Reconstruction Module: This module innovatively adopts a double-layer verification mechanism. First, through high-precision numerical simulation, optical wave diffraction theory is used to simulate the hologram encoding data, and algorithms such as Fourier transform are used to verify the imaging effect in advance. Second, the module enters the optical reconstruction stage, relying on core devices such as spatial light modulators and lasers to convert digital signals into actual optical wave interference patterns. Through real-time monitoring and dynamic calibration, it ensures the spatial resolution and depth perception of color holographic images.

2.2. High-Quality Digital Human Model Generation and Processing

Automatically generating diverse and high-quality 3D models from single-view images is a fundamental task in 3D computer vision technology, with extensive applications across numerous fields. When collecting human figures with a single-depth camera, there are drawbacks such as insufficient depth accuracy, incomplete 3D information, poor real-time performance, weak anti-interference ability, limited application scenarios, and hardware cost bottlenecks [13]. However, 2D-to-3D conversion combined with Poisson sampling for point cloud collection can complement 3D information through multi-view image fusion, retain details with adaptive Poisson dense sampling, and simultaneously integrate RGB texture and depth data to improve accuracy, dynamically optimize data volume, and feature low hardware cost and strong scene adaptability. Therefore, this paper constructs the character depth information collection component in the intelligent digital avatar interaction and display system based on this technology.
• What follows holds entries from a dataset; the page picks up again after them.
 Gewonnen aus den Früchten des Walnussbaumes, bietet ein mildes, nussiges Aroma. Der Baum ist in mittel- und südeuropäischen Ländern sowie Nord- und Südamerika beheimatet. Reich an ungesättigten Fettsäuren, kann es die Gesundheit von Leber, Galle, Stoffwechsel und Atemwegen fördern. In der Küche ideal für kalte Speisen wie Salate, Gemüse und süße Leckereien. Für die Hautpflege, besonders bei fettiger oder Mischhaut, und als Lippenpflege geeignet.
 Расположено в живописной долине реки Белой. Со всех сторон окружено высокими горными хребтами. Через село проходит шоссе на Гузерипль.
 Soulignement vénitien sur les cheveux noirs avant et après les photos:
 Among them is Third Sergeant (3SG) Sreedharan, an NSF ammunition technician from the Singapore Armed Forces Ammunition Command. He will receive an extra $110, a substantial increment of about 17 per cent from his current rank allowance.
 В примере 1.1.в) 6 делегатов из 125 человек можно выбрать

In the acquisition phase, instead of using the depth camera from previous systems to capture character depth information [11], we adopt a method of generating high-quality 3D models from 2D images to further obtain point clouds for acquiring character depth information. In this part, this paper optimizes the process by using the Unique3D framework [9] to achieve the rapid acquisition of character depth information and generate high-quality digital human models.

We then employ a normal diffusion model to predict normal maps corresponding to multi-view color images. This section also adopts a multi-tier generation strategy, using a super-resolution model to increase resolution by 6–8 times. Finally, the normal diffusion model is used to predict normal maps for multi-view color images.
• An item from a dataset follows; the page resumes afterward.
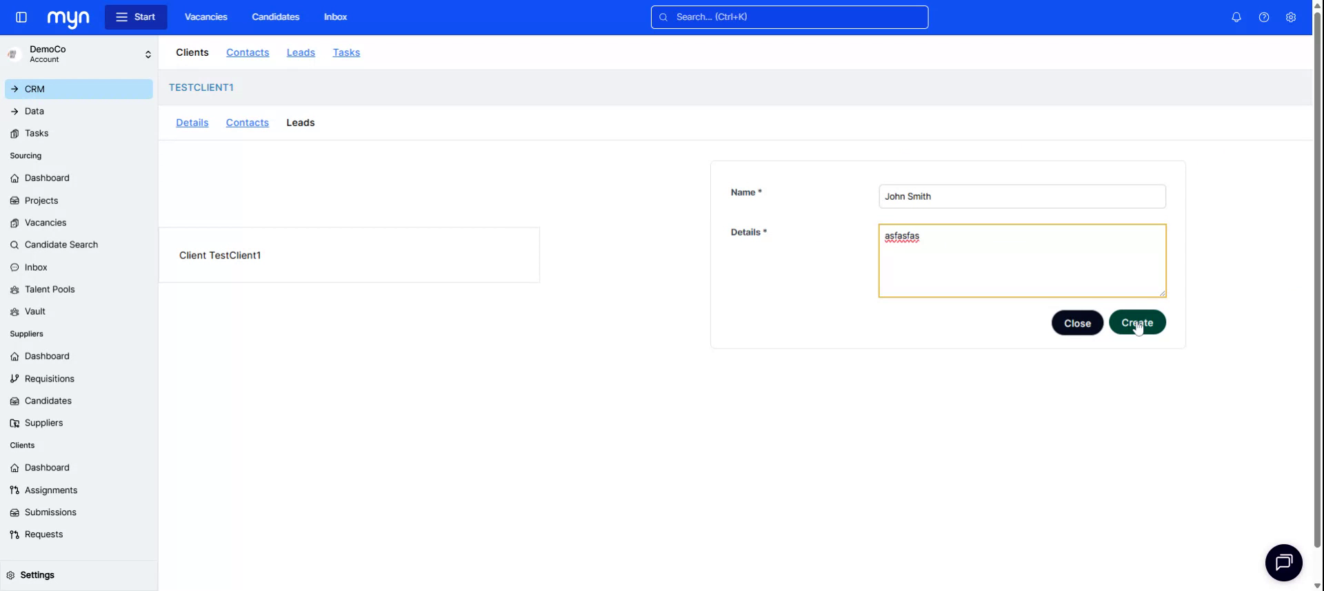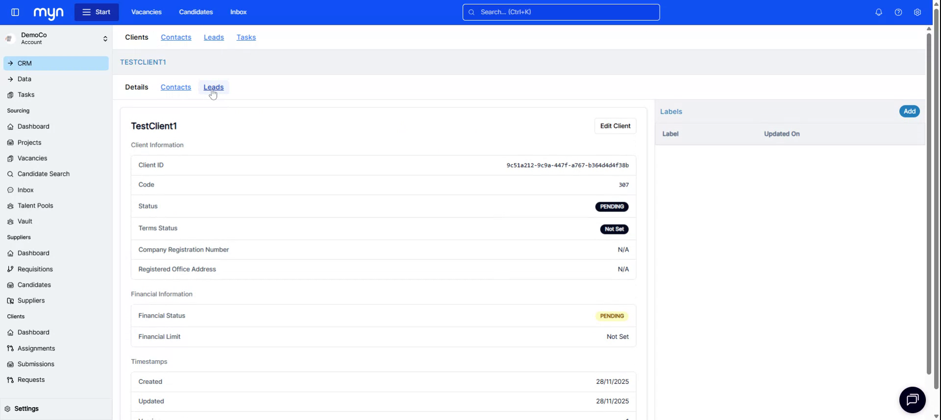 To manage this client and their progress, use the Leads option in the top corner of the CRM.

In the multi-view perceptual control mesh algorithm section, the process is divided into three parts: initial mesh estimation; mesh optimization; and explicit target optimization for multi-view inconsistency and geometric refinement. As shown in Figure 2, @ represents matrix multiplication, * represents element-wise multiplication, the initialization model undergoes model refinement to obtain a textured model, then proceeds to model coloring, and finally is converted into a point cloud model.

During initial mesh estimation, front rear views directly estimate the initial mesh. Orthographic maps from the front view are integrated to obtain depth maps (Equation (1)):

d (i, j) = \int_{0}^{i} \vec{n} (x) \cdot d \vec{x} \approx \sum_{t = 0}^{i} n_{x} (t),

(1)

where

d (i, j)

is the depth at coordinate

(i, j)

,

\vec{n} (x)

is a normal vector, and

n_{x} (t)

is the x-component normal at time t.

Pseudo-normal maps generated by diffusion cannot form rotation-free true normal fields. To address this, random rotation is introduced into normal maps before integration. This is repeated multiple times, and integration averages are used to calculate depth for reliable estimation. Then, the estimated depth is used to map pixels to spatial positions. Mesh models are created from the front/back views of objects. Next, smooth connections are ensured through Poisson reconstruction, and the models are simplified to less than 2000 faces for initialization. A 3D point cloud model of digital humans is then generated.

To further demonstrate the superiority of this method, we conducted a detailed comparison between this method and the point clouds collected by a single depth camera, as shown in Table 1, and the generation effects are presented in Figure 3.

The point cloud generation method proposed in this study is capable of acquiring a full-view 3D point cloud model with a point count reaching 900,000, which significantly surpasses the maximum acquisition capacity of depth cameras. Furthermore, through optimized sampling strategies, this method ensures the spatial uniformity of point cloud acquisition, effectively avoiding the problem of uneven data distribution caused by local point cloud aggregation during depth camera acquisition. This eliminates key factors affecting 3D reconstruction accuracy at the data quality level, providing a reliable data foundation for subsequent high-precision model construction.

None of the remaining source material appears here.